Here are three ETF signs bullishness is likely to lead the supercharge in the near term:

1. Currency ETFs: It still bothers me that the CurrencyShares Yen Trust is hitting 52-week highs. There's little doubt investors in the "run-for-cover" currency are fearful of developed-world troubles; yen carry trade investors aren't borrowing/shorting/selling the yen to invest in higher-yielding currencies.

On the other hand, carry trade investors are increasingly comfortable borrowing/selling the U.S. dollar to invest in the highest-yielding developed-world currency, the Australian dollar, and stock assets. How can you tell? PowerShares Dollar Bullish fell below a 200-day long-term moving average and CurrencyShares Australian Dollar Trust hit a 52-week high Monday.

2. Small-cap emerging-stock ETFs: It's one thing to track clusters of single-country emergers (Singapore, Malaysia, Peru and Chile, for instance), uncovering a thirst for capital appreciation in parts of Latin America and Asia. Yet most of these emerging-stock ETFs represent large companies earning profits domestically and internationally; stable governments and above-trend GDP are exceptional tailwinds as well.

That said, you won't get heavy inflows and supersized gains from the smallest companies in emerging markets -- unless there's a willingness to ratchet up the risk. Hitting fresh 52-week highs Monday: WisdomTree Emerging Small Cap Earnings, S&P SPDR Emerging Small Cap and Market Vectors Small Cap Brazil.

3. Commodity ETFs: Skeptics will express that, when precious metals are near 52-week highs, investors are fearful. And I won't argue that gold at $1,250 per ounce isn't a bit like seeing the yen at 52-week highs -- strangely peculiar for a stock market revival.

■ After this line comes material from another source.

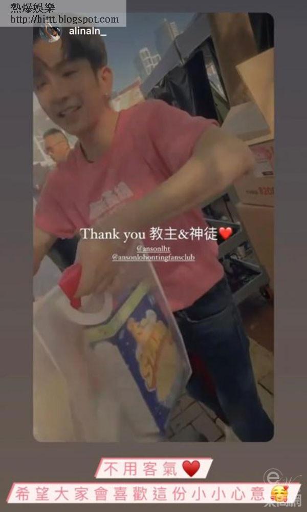 電影拍檔Alina 上載短片答謝Anson Lo,他回應:「不用客氣,希望大家喜歡這份小小心意」。
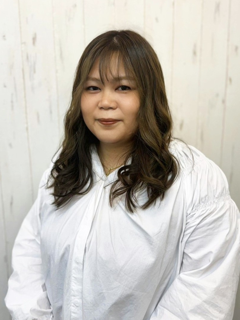 透明感のあるカラーと外ハネ感でヌーディースタイル。前髪を軽めにすることにより、可愛さの中に抜け感を表現。カラーはアッシュ系でトレンドを取り入れ、ミディアムボブに飽きてしまった方やスタイルチェンジを考えている方へお勧めです。

On the other hand, when the demand for raw goods from hard assets to soft commodities is strong, materials corporations begin raking in the profits. The iShares Materials Fund is in a technical uptrend, thanks in part to new 52-week highs from the iShares Silver Trust, PowerShares Agriculture, Soft Commodities with exposure to coffee, sugar and cotton, as well as the broad Greenhaven Total Commodity ETF.

Broad commodity indexes hitting 52-week highs? The highest-yielding G-10 currency and focus of the carry trade (that Australian dollar again) doing the same? Small-cap emergers from the furthest point out on the common stock risk spectrum registering peaks as well? Those are three pretty darn good ETF signs market movers want this rally to have bull hooves.